**Work instructions**
In the entries below, repeat only the lines between those holding "Mexen Mario lavello" and "月落铅山独竖尖山巅,雪覆群峰", inclusive. Leave pictures out.

**Data under study**
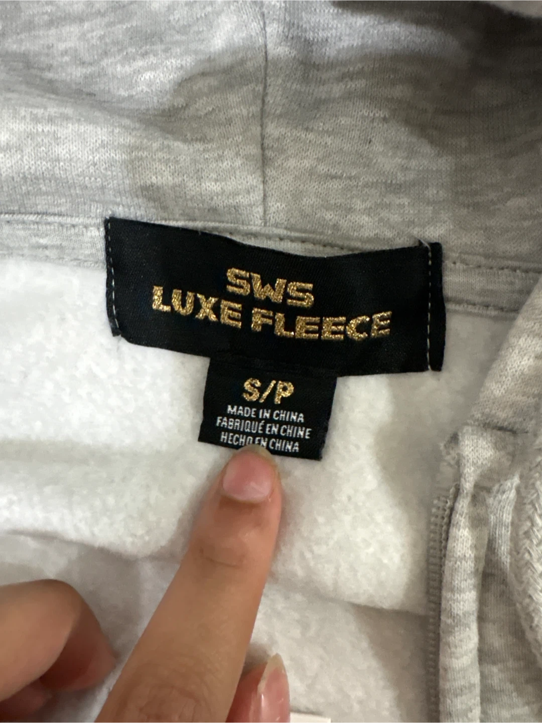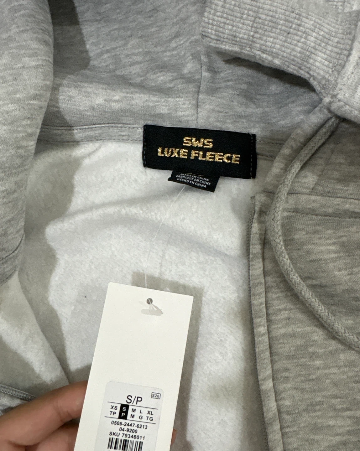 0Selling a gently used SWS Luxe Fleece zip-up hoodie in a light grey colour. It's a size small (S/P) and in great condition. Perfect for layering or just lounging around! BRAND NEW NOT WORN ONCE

==

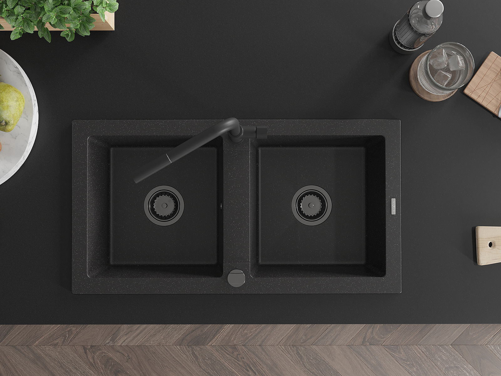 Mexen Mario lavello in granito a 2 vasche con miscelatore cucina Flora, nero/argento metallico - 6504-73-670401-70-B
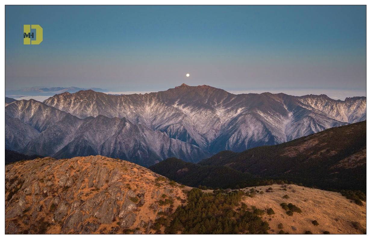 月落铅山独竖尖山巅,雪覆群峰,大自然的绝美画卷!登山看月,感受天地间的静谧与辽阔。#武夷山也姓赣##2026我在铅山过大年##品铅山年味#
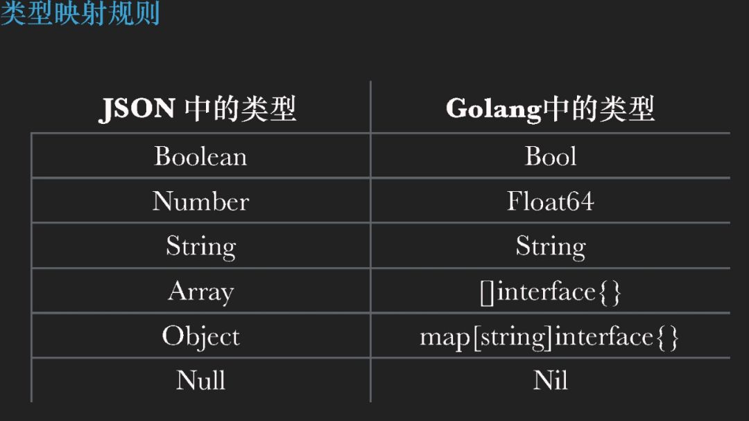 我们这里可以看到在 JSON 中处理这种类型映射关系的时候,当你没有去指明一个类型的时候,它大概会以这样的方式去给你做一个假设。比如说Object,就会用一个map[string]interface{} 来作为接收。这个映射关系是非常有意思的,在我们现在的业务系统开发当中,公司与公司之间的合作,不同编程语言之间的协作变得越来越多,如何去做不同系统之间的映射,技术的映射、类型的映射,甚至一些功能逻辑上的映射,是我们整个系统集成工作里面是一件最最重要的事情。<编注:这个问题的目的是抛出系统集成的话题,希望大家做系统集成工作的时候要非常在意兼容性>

--

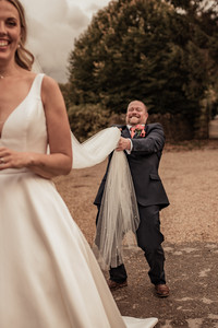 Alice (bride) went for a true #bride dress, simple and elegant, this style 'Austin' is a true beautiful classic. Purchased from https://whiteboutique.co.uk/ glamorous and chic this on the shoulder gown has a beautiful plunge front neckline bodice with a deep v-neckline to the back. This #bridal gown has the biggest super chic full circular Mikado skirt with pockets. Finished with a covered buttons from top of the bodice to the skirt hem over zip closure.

**Problem solution**
 Mexen Mario lavello in granito a 2 vasche con miscelatore cucina Flora, nero/argento metallico - 6504-73-670401-70-B
 月落铅山独竖尖山巅,雪覆群峰,大自然的绝美画卷!登山看月,感受天地间的静谧与辽阔。#武夷山也姓赣##2026我在铅山过大年##品铅山年味#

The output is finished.